Fifteen Eighty Four

Academic perspectives from Cambridge University Press


Into the Intro: July Crisis


“Do not despise the diplomatic documents.”—Gilbert Murray (1915)

“It appears to me to be from its very nature an impossibility even to determine from documentary evidence the question of who was responsible for the outbreak of the war.”—Victor Naumann (1919)

At the end of June 1914, the young Oxford historian E. L. Woodward was spending part of his summer vacation at a resort in the Black Forest. In the late afternoon of Sunday, 28 June, the polite tinkling of cosmopolitan teacups on the long terrace of the Badenweiler spa hotel was interrupted by some startling news: the Archduke Franz Ferdinand, heir to the Habsburg throne and future ruler of some forty-five million people in central and south-eastern Europe, had been assassinated in Sarajevo. The hotel crowd excitedly dispersed to form separate groups according to nationality: ‘I knew that something very grave had happened’, Woodward reflected many decades later. Something grave had indeed happened, though Woodward was perhaps reading back into the past a fancy of foresight.

When viewed at the distance of a century, there is a paradox about 1914: it should have been an unremarkable year.

When viewed at the distance of a century, there is a paradox about 1914: it should have been an unremarkable year. After years of turmoil, especially in south-eastern Europe, the short-term indicators pointed towards peace. European diplomats spoke of a new era of détente. But the two recent Balkan conflicts in 1912 and 1913 had left unexploded ordnance in their wake, one being Albania, now independent but without agreed frontiers. Under the rule of a German princeling, the Prince of Wied, the country was on the verge of becoming a failed state: ‘les caisses sont vides, le thrône est Wied, tout est vide [the coffers are empty, [on] the throne is Wied, everything is empty]’, as some unkindly soul put it in the spring of 1914. But whilst there were problems in the periphery of Europe, relations between the Great Powers appeared relatively free of friction, especially when compared with previous years. To explain how and why the Powers found themselves in a world war, then, poses a significant challenge to the student of the past.
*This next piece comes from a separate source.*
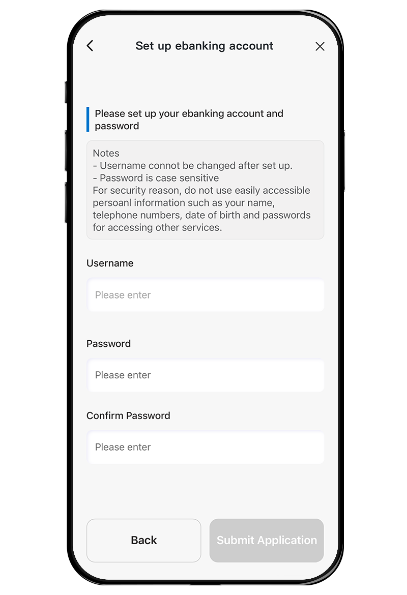 Application verification period varies according to the documents and information submitted, you will receive your initial application result via email and SMS within 1 day at the soonest, once you have received the successful application notification, the account(s) is/are ready but deposit and withdrawal functions are not available yet. When the final verification is completed, you will receive SMS notification on the status. The Bank has the absolute discretion to approve or reject the application during the final verification without giving any reason even the initial application result is passed.
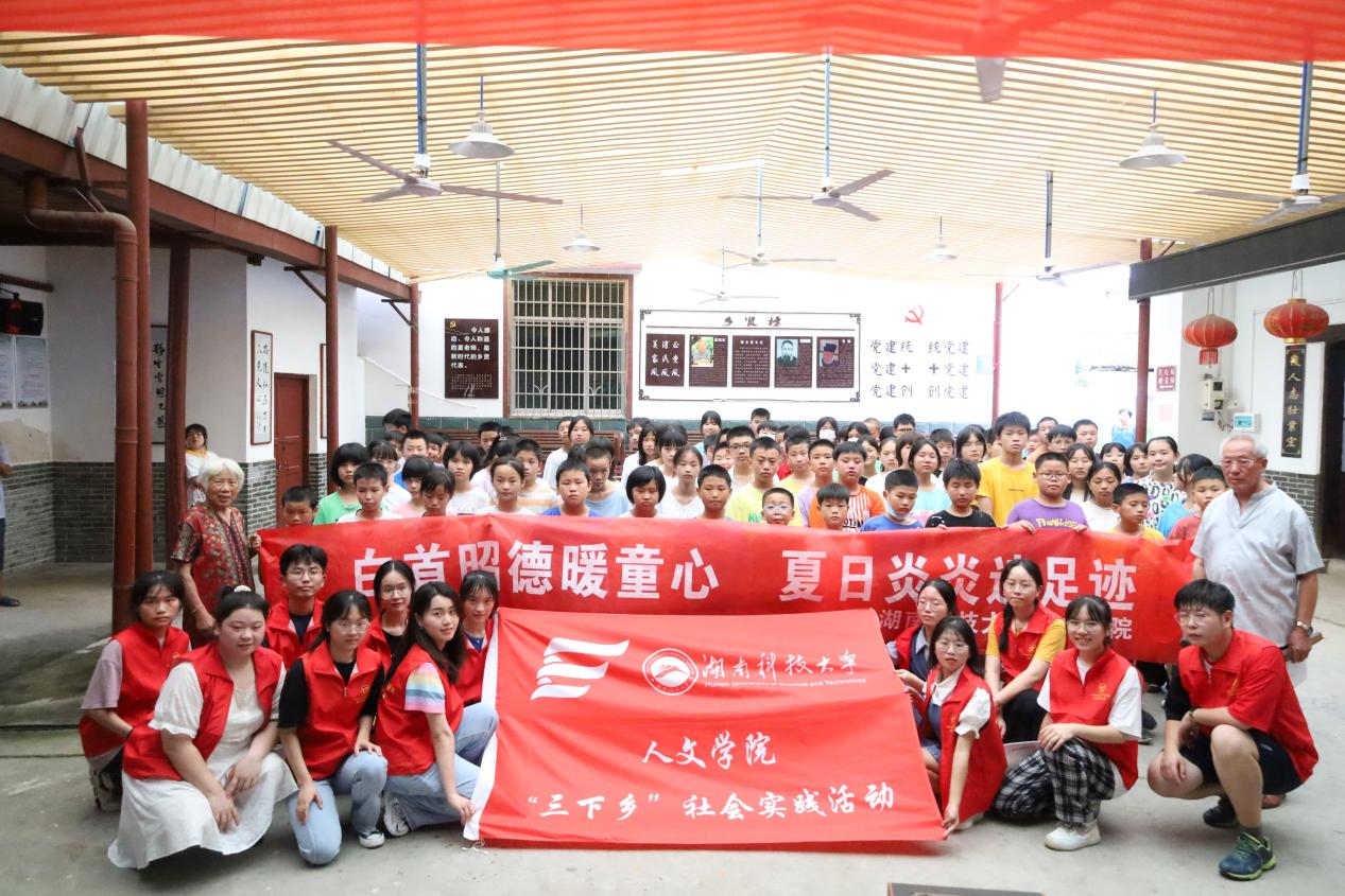 攸县谭家垅村同心文化广场上,一位打着赤脚的老爷爷与穿着迷彩裙的老奶奶带领着SUNBET申博官方网站暑期“三下乡”社会实践团队成员参观着“儿童之家”周边的环境,感受稻田吹来的阵阵清风。

To say that the First World War transformed the modern world is to state the obvious. The conflict was, as George F. Kennan observed, ‘the great seminal catastrophe’ of the twentieth century: from it flowed many, if not all, of the vicissitudes of that century. Even outwardly, it has left its scars on the surface of Europe’s landscape and social fabric. In Britain, but also in many Commonwealth countries, this war, the bloodiest in these nations’ histories, has remained something of a national obsession. Commemorated sombrely and formally once a year, it continues to provide a stimulus for soul-searching. And no-one can drive through the flat fields of Flanders or the rolling hills of the Champagne and not be struck by the endless rows of white tombstones and crosses in the Commonwealth war cemeteries, or in the jardins de funèbre and the Heldenhaine that pockmark those landscapes.

The world war. The ruin of the world. Tremendous and frightful news.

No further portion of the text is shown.